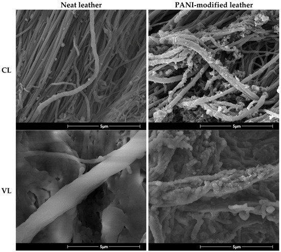 The morphology of the PANI coating on the surface of CL and VL was further studied using SEM (Figure 2). The SEM images show clear differences in surface morphology between neat and PANI-coated leathers. As a result of the coating process, the surface morphology of the collagen fibrils was changed from smooth to a rougher one due to the formation of PANI aggregates. Furthermore, while an average diameter of collagen fibrils of neat leathers was 0.19 µm, it was increased to about 0.28 µm for PANI coated leathers (Figure S5 and Table S1). This increase in the fibril thickness indicates the formation of PANI coating with a thickness of about 100 nm. The obtained results are in good agreement with the ones previously reported for PANI coated viscose fabric produced using similar method [55].
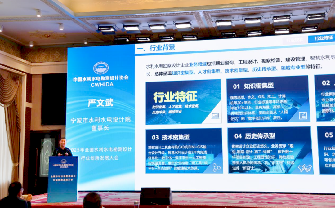 我院董事長、院長嚴文武在大會上作了《大模型賦能水利水電勘察設(shè)計企業(yè)數(shù)字化轉(zhuǎn)型》專題報告,系統(tǒng)分享了我院在人工智能大模型技術(shù)驅(qū)動下,推進企業(yè)數(shù)字化轉(zhuǎn)型的實踐路徑與成果經(jīng)驗。
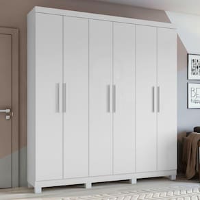 Guarda-Roupa Casal 6 Portas 3 Gavetas Jazz e Pés Branco
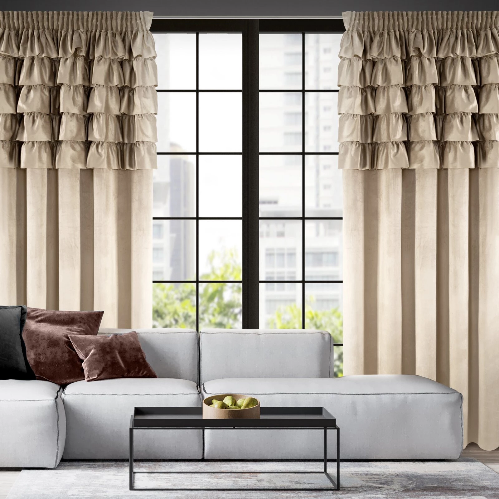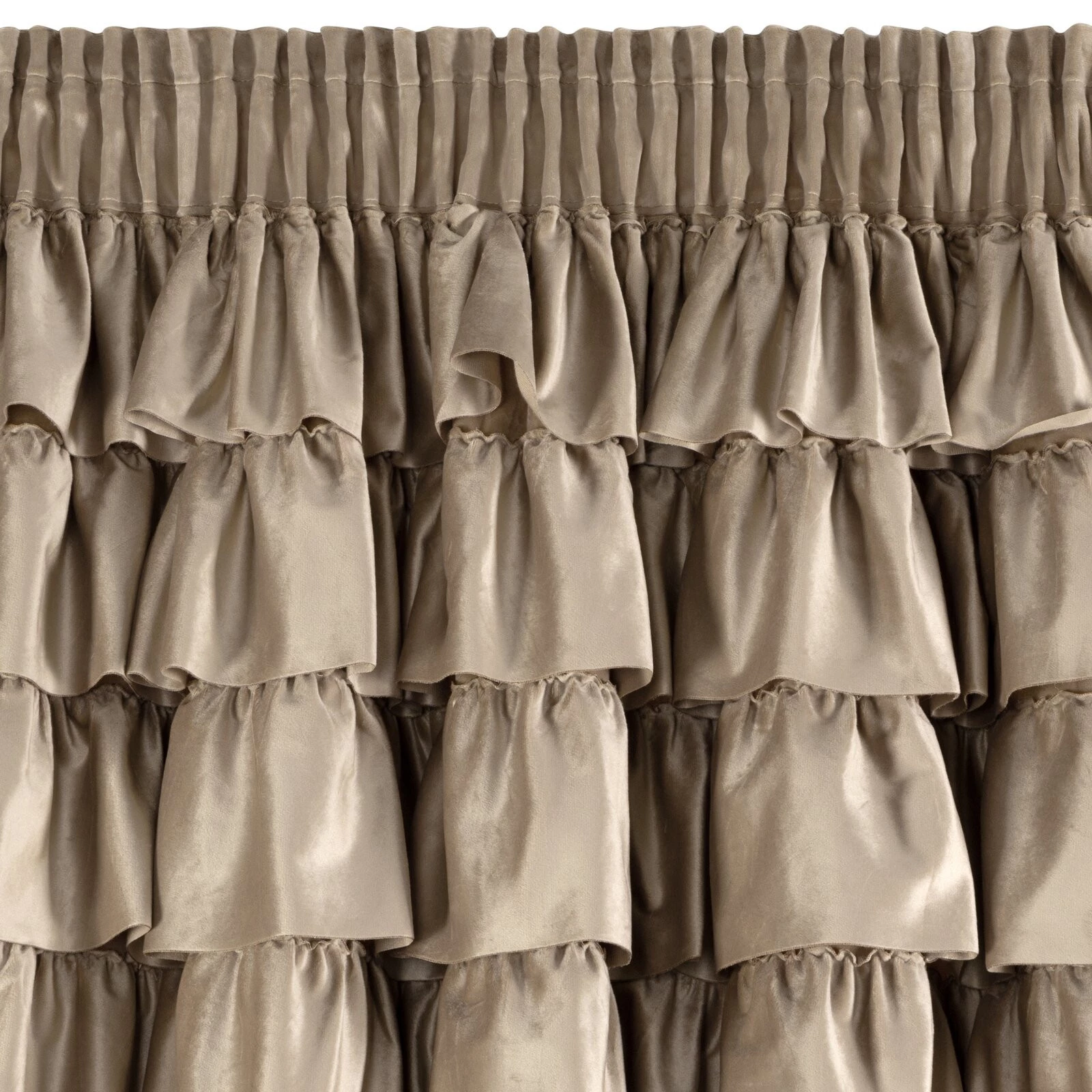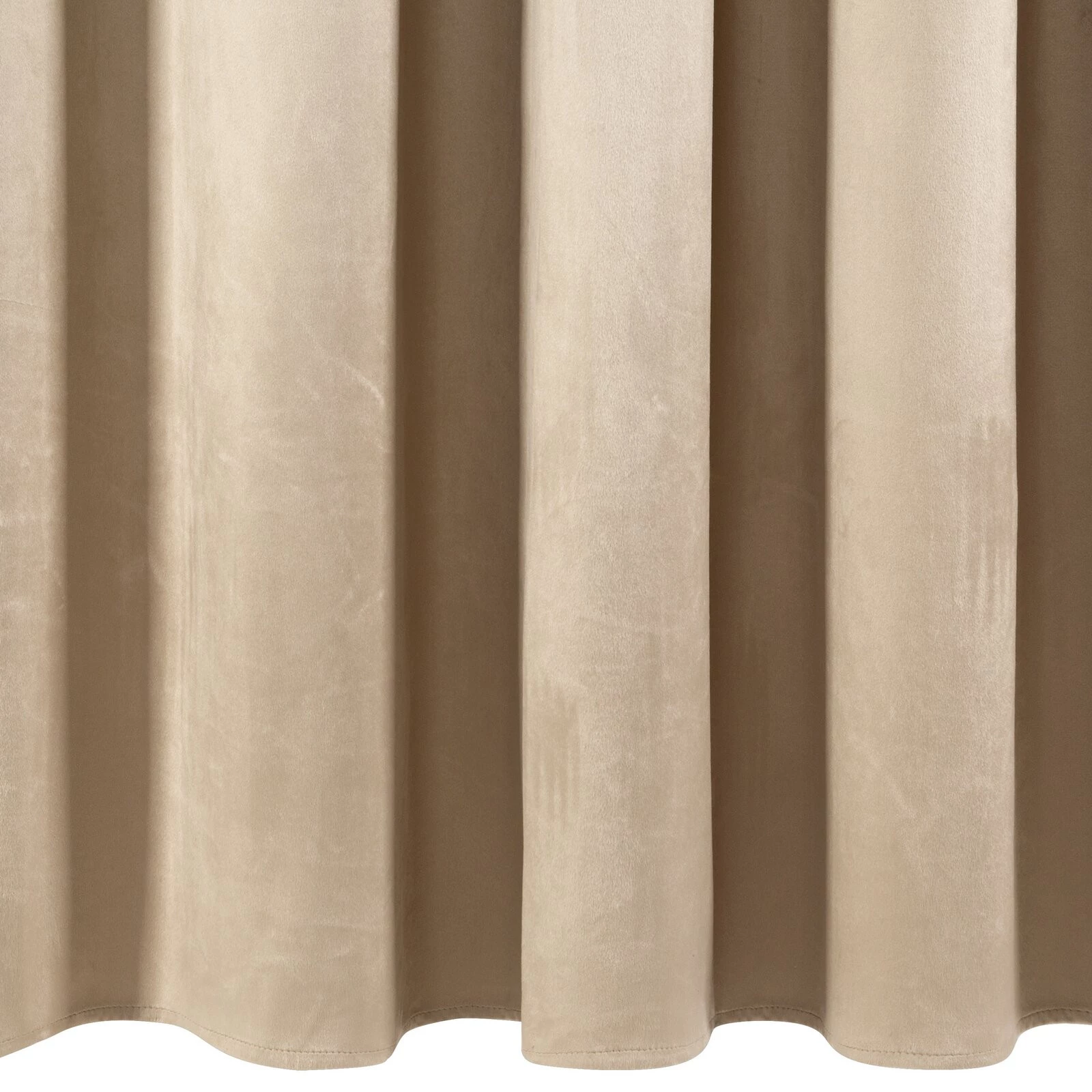 - Zasłona gotowa welwetowa z falbanami od góry szerokość: 140 cm, długość: 270 cm, kolor: ciemnobeżowy, Gramatura: 200 GSM, Skład: 100% poliester

→ **TASK TO COMPLETE**: Give back the listing exactly, with the pictures removed.

→ **TASK SOLUTION**:
 The morphology of the PANI coating on the surface of CL and VL was further studied using SEM (Figure 2). The SEM images show clear differences in surface morphology between neat and PANI-coated leathers. As a result of the coating process, the surface morphology of the collagen fibrils was changed from smooth to a rougher one due to the formation of PANI aggregates. Furthermore, while an average diameter of collagen fibrils of neat leathers was 0.19 µm, it was increased to about 0.28 µm for PANI coated leathers (Figure S5 and Table S1). This increase in the fibril thickness indicates the formation of PANI coating with a thickness of about 100 nm. The obtained results are in good agreement with the ones previously reported for PANI coated viscose fabric produced using similar method [55].
 我院董事長、院長嚴文武在大會上作了《大模型賦能水利水電勘察設(shè)計企業(yè)數(shù)字化轉(zhuǎn)型》專題報告,系統(tǒng)分享了我院在人工智能大模型技術(shù)驅(qū)動下,推進企業(yè)數(shù)字化轉(zhuǎn)型的實踐路徑與成果經(jīng)驗。
 Guarda-Roupa Casal 6 Portas 3 Gavetas Jazz e Pés Branco
 - Zasłona gotowa welwetowa z falbanami od góry szerokość: 140 cm, długość: 270 cm, kolor: ciemnobeżowy, Gramatura: 200 GSM, Skład: 100% poliester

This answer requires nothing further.